Monday, August 3, 2015

Memories: High School Teachers.

It's important for everyone to find something they're passionate about. I have a few things that hold my fire, one of which was asked about on Twitter this morning. School. As a homeschooler myself, you can understand why the subject of school would be important to me. Today, a blogger friend of mine, +thewalkthruking, asked an open question on twitter. "Question of the day: How much is learned from school?" It seemed an innocent enough question, but it brought me back to my high school days and the inadequacy of  some of my teachers.

Example 1. I always did well in math, from the time I was little. Algebra and economics were a breeze, but when it came to 10th grade geometry, I was lost. Sadly, so was our teacher. He was a retired UPS truck driver and a wiz at most other kinds of math. Even in geometry, he could easily do the problem for you. Explaining how to do it ourselves, on the other hand, was a different matter. No one in our class understood his methods. After every student failed the first exam, that became painfully clear. In an effort to help us all pass our exams, he picks all of the algebraic problems from the books and made his own tests. Our geometry class that year consisted of re-learning Algebra II and memorizing the names of certain shapes.

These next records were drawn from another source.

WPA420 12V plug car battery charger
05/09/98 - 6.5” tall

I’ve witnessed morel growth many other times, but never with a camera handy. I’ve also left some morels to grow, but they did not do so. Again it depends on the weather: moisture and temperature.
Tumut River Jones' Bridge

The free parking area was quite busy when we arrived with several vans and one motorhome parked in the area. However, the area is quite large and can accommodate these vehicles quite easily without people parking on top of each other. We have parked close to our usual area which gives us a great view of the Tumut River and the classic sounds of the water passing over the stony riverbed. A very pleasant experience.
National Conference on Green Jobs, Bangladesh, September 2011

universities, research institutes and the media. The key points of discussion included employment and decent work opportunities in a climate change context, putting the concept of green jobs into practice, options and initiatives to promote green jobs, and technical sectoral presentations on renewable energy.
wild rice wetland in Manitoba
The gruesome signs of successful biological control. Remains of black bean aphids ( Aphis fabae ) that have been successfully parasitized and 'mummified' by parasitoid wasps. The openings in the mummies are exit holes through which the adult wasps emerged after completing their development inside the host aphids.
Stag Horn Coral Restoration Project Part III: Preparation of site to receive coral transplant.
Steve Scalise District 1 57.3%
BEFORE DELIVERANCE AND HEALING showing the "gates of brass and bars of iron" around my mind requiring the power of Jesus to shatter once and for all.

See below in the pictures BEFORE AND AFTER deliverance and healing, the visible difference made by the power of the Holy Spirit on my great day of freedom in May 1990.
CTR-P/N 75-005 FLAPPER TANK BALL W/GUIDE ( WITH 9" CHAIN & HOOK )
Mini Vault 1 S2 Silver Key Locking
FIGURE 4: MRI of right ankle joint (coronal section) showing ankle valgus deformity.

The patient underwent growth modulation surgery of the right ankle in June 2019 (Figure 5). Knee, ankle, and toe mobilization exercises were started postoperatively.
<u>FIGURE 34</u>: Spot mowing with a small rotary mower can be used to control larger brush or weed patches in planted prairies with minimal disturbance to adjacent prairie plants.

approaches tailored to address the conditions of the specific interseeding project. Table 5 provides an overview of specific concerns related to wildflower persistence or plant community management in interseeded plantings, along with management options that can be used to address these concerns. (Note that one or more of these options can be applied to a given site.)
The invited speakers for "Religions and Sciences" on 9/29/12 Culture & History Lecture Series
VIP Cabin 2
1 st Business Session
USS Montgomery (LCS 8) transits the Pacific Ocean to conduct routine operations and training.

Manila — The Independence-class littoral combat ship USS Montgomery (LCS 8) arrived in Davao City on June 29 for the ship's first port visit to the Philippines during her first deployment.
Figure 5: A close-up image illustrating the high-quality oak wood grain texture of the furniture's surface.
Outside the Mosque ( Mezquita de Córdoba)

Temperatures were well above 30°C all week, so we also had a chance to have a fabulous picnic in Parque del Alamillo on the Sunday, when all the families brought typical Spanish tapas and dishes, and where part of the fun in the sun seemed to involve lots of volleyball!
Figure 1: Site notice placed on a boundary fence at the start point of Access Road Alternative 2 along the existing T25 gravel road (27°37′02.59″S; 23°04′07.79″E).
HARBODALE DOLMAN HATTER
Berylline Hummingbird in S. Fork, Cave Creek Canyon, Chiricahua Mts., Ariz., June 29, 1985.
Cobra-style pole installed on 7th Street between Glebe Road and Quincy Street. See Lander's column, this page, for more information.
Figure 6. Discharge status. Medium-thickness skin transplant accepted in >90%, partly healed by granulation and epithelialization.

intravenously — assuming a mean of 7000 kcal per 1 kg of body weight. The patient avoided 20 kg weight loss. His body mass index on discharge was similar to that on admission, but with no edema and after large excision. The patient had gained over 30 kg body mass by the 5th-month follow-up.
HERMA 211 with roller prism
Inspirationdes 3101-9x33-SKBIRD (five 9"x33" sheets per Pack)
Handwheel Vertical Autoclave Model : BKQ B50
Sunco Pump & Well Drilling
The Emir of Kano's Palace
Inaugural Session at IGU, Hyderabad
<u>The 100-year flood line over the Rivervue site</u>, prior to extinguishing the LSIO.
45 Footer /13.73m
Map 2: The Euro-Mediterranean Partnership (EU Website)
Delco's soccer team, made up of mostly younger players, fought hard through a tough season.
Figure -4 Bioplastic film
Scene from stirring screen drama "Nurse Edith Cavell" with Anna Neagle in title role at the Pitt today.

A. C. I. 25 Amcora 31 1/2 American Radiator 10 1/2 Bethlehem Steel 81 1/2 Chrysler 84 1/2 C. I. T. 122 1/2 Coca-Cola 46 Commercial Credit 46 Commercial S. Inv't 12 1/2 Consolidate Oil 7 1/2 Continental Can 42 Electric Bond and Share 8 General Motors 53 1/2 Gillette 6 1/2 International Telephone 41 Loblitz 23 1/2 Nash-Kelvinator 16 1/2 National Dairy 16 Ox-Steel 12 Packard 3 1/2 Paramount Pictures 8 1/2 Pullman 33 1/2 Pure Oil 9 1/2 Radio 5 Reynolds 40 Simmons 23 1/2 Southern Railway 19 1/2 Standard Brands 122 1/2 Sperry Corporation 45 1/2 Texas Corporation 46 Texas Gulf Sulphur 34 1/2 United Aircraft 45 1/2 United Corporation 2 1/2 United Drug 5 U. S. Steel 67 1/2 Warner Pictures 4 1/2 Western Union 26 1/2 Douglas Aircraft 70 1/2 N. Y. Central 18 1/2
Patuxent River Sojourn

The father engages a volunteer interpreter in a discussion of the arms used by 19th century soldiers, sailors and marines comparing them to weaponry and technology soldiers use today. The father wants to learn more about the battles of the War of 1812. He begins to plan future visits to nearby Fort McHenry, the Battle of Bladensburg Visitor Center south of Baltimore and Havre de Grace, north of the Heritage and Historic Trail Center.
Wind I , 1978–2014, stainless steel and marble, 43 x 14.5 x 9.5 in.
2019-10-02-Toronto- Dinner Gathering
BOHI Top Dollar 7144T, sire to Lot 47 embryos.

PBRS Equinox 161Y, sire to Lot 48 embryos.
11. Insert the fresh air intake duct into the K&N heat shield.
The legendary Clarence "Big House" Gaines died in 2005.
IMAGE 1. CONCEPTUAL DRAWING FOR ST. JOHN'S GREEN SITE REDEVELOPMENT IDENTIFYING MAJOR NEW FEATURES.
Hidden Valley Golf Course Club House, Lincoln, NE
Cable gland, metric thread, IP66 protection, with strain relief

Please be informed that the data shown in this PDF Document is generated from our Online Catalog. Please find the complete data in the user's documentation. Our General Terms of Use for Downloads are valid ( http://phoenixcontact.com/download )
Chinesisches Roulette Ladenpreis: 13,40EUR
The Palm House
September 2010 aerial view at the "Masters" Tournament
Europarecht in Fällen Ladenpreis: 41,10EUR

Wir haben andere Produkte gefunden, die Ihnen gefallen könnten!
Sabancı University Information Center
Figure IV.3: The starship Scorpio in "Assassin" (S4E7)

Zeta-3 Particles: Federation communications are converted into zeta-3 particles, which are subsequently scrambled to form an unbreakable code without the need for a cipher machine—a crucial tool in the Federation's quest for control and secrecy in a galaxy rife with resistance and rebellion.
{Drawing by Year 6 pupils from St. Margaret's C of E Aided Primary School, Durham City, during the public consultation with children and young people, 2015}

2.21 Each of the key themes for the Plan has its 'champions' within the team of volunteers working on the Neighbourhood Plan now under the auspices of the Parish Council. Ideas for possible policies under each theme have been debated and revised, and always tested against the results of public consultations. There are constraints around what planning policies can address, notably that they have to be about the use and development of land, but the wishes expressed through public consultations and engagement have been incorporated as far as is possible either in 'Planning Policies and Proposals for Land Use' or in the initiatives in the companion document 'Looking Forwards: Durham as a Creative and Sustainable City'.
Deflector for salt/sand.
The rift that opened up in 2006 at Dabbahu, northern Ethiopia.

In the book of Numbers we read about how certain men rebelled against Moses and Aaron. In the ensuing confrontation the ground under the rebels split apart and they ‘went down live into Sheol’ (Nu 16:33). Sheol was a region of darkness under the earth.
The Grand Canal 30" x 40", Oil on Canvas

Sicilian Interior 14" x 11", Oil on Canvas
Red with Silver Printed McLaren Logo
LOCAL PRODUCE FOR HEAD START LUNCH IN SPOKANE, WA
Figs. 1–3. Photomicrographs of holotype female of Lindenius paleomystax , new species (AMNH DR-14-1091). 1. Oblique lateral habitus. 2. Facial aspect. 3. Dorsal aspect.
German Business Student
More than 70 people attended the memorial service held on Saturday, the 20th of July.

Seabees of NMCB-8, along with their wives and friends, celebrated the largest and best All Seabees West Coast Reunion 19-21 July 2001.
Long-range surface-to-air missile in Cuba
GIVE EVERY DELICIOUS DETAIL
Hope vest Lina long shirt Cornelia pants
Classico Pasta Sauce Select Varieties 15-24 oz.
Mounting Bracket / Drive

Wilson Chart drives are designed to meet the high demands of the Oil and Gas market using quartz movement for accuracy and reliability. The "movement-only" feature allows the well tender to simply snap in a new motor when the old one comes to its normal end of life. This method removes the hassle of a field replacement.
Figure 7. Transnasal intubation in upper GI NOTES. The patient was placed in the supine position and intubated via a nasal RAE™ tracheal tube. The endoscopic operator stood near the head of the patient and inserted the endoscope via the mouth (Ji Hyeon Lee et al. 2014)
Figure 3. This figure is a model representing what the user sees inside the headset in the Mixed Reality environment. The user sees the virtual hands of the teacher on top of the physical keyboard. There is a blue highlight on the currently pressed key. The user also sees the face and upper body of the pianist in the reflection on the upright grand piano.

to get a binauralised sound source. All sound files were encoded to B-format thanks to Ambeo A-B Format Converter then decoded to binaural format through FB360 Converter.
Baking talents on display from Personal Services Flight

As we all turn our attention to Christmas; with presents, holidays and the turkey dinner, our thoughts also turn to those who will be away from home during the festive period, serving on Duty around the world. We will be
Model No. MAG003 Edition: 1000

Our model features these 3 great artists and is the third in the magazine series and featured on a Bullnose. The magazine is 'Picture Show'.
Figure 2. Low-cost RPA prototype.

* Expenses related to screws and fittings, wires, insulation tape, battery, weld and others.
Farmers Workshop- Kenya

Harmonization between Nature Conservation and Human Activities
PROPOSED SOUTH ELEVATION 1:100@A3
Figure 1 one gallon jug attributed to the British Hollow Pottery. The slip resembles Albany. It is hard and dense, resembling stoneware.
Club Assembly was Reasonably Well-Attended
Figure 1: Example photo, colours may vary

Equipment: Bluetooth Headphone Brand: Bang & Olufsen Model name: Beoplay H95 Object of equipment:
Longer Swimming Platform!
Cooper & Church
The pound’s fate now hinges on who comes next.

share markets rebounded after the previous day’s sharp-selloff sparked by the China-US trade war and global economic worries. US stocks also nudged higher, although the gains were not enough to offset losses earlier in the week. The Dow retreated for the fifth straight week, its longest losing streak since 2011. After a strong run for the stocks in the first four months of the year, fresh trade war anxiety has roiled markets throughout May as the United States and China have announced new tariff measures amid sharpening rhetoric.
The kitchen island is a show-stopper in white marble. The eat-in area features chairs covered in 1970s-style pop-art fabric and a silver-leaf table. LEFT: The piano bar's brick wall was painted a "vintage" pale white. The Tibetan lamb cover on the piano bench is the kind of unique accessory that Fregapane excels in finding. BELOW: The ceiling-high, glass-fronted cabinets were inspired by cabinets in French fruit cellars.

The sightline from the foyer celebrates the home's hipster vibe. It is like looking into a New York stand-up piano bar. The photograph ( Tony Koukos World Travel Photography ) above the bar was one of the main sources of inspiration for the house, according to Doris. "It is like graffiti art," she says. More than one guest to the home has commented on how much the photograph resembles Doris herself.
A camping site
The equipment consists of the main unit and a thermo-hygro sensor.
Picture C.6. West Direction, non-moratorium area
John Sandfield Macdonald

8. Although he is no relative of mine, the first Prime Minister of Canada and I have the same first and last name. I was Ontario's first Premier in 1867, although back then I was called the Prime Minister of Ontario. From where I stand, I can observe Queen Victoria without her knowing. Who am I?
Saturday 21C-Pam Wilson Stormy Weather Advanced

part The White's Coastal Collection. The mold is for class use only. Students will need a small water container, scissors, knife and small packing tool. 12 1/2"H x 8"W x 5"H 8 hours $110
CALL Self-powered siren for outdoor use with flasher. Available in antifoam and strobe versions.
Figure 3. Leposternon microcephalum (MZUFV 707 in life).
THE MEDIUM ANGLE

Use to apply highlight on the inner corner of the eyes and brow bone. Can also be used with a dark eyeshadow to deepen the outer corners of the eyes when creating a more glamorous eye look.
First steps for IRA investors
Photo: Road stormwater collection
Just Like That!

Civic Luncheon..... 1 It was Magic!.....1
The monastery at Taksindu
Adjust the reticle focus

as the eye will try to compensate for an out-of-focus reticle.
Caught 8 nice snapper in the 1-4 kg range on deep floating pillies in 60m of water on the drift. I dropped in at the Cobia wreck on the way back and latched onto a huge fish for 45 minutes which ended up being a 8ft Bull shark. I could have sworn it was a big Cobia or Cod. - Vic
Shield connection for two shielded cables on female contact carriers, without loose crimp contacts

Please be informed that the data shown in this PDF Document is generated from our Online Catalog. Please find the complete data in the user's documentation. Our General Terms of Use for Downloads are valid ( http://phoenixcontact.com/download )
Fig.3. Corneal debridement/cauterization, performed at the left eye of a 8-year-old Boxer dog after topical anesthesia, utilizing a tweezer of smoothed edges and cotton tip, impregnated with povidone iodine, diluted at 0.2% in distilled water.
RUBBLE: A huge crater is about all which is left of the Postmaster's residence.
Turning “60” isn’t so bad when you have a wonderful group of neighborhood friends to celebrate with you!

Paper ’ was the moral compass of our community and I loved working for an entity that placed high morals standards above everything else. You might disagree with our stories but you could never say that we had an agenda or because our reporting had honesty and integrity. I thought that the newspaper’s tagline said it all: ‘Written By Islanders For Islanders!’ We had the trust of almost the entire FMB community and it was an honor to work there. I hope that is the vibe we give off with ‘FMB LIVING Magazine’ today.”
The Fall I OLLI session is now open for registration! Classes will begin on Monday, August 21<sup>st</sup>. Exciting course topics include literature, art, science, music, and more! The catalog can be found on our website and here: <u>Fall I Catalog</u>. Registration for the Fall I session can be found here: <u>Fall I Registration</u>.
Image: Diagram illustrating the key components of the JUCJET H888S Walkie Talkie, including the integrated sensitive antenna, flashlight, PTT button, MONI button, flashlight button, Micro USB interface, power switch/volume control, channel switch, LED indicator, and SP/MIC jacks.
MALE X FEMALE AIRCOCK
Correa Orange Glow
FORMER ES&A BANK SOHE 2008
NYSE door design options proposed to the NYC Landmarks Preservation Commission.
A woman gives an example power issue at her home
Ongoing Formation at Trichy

Example 2. Senior year, my high school science teacher was having issues. Health issues. She rarely felt well. Though she spoke of her vast experience in athletics as a young girl, walking six miles both ways to school every day and competing around the world in swimming, she was now largely obese and forced to walk with a cane for her knees. We all understood she was in terrible pain. In previous years she'd been a wonderful teacher, but the year I had her, the pain and problems had affected her too much. She rarely came to class prepared for the lessons. What she knew of chemistry in the past was lost to her now. Unfortunately, her students were the ones who suffered. We learned nothing. Every test and quiz was taken open book, so there was no incentive to study in the least. There was no recompense for undone homework or low test scores. She was make exceptions for every situation. As long as her students passed her class, that was all she worried about.

I had a hunger to learn, as did several others in my class. We took our concerns to the guidance councilor, who offered us her office to study on our own. We taught ourselves science and literature, and later in senior year, math, during our free periods. We weren't required to participate in any sort of physical activity course and many of the seniors could come and go from school as they pleased. In my opinion, this was not a beneficial place of learning. The one saving grace was the woman who taught History and Spanish. She was an amazing woman with a passion for her students. She kept on top of her lessons, making that clear and simple though not easy. She required her classes to participate in projects and causes, took her government classes on field trips to local government functions, and helped us with individualized study tools. I can still remember the songs she taught us, and her flashcards are still tucked away in my box of memories. This woman is the reason I became a teacher. She is the reason I have my passion for teaching.

 Today's school systems are so lacking. Teachers with no passion. Students with no drive. Classes with no life. I thank God for the few good ones out there still inspiring and making a difference. If you are one of those reading right now, thank you.